日本対ブラジル(2)

      2012/10/23

前半戦の模様をまだ見ていない方は日本対ブラジル(1)をご覧ください

後半戦スタート

前半戦を終えてスコアは2-0

後半のスタート時に中村憲に代えて乾が入り、内田に代えて酒井が投入された。

スタートしてまもなくの3分ブラジルのコーナーキック。
オスカルのキックはファーサイドに高いボールを入れた。

ディフェンスがギリギリ届かない位置にネイマールがいて、胸トラップからシュート。
これが吉田の足に当たりコースが変わりゴール。
開始早々に、さらに引き離された。

日本も5分にコーナーキックをショートで繋ぎ、最後は香川がゴール中央からシュートを放った。これはキーパーは反応できなかったが、枠を捉えられなかった。

16分にはビックチャンス。
遠藤から香川に渡り、香川が走りこんでいた本田にスルーパス。
本田がエリア内で倒されたが、ノーホイッスル。
前半PKをブラジルに与えていたため、ここは笛があるかと思ったが、審判はファールはなしと判定。しかし、展開は素晴らしかった。

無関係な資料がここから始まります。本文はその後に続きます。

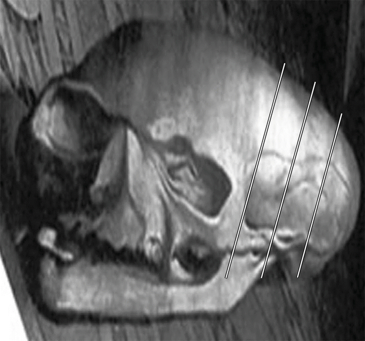 Anamorphic skull in The French Ambassadors to the English Court. For this figure we have rotated the feature in Fig. 11.10 clockwise by 25° and then linearly compressed it by 6×. The height of the skull in this image compared to a real one gives a magnification M = 0.71 ± 0.5. The lines indicate two regions where it can be seen Holbein duplicated features (notably, the two dark depressions just above the jaw, and the double-humped line midway up the skull). A discontinuity in the slope of the top of the skull is also visible at the left edge of the leftmost marked region

21分にブラジルはネイマールのクロスを中央に走りこんでいたラミレスが押し込みゴールネットを揺らすが、ボールがラインを割っていたとの判定でノーゴール。
これはとても微妙な裁定。カメラの角度があまりよくなく分かりにくかったが、個人的には出てなかったように思える。
日本は助かった形だった。

トドメの一撃

31分に吉田のパスを、本日絶好調のパウリーニョがカットして、中央のネイマールへ。
ネイマールが左サイドを走っていたカカにスルーパス。
これをカカが、ドリブル持ち込み落ち着いてゴール右隅に流し込んで4点目。

そして試合はこのまま4-0で終了。
結果的にはブラジルの圧勝で終わった。
これでブラジルは、アジア勢相手の3戦で中国8-0、イラク6-0、日本4-0と全て圧勝で下した。

格下相手では、確実に結果を残すあたり抜かりがない。3戦で18点!凄い攻撃力だと改めて感じさせられた。

この試合を通しての感想

この試合を見ていて1番の感想は、やはりどこかで1対1の勝負をして、相手の守備を崩さなくては決定的なチャンスは訪れないということ。

ショートパスの精度は上がり、回せるがその間に守備陣に万全の形を作られてしまう。今回のスタメンでは、勝負する場面があまりにも少なかった。無理な勝負をするのではなく、間隔や間合いがいい時は、積極的に挑むべきだ。直ぐに安全なパスを選択してしまう。

勝負をしないから、相手はパスカットに比重を置き、カットされる可能性を高めてしまう。ドリブルの仕掛けがあれば、相手は後手を踏み、パスも通りやすくなる。
この先のステージを考えると、宇佐美や宮市のような、仕掛けるドリブラーの成長が必要になるかもしれない。

清武はもう少し積極的に行くかと思ったが、パスの選択肢があまりにも多すぎた。中村憲も同じタイプで、パス主体なので、ドリブルが得意な選手を入れて、いろいろなバリエーションを持ったスタメンを組むのもありだと思う。

スペインも同じようなサッカーをするが(レベルは違うけど)、パスの正確性とプレッシャーを受けた時でも落ち着いてさばけるフィジカルと技術があるため、高い位置でもボールをキープできるし、ペドロやイニエスタのように、ドリブル突破もできる選手もいる。
またサイドバックの攻撃参加が凄く、縦の突破も果敢に狙ってくる。
そのため、ピッチを広く使えるので、ディフェンスラインにスペースもできる。

今回負けはしたが、内容的には勝ったフランス戦より、かなりよかった気がする。
全く点が入りそうな気がしないとは思わなかったし、防げる可能性のあった失点もあった。
逆にもっと大量失点の可能性もあったが、個人的には、2~3点差が今の実力の差ではないかと思っている。

ホームでいくら強い相手とやっていい勝負してもあまり成長に繋がっているとは思えない。
今回のようにアウェーや他国で強い相手にどこまでやれるか、厳しい環境に慣れることも大変重要になってくると思う。

W杯本番で、ブラジルと再戦して成長した所をみせてもらいたいものだ。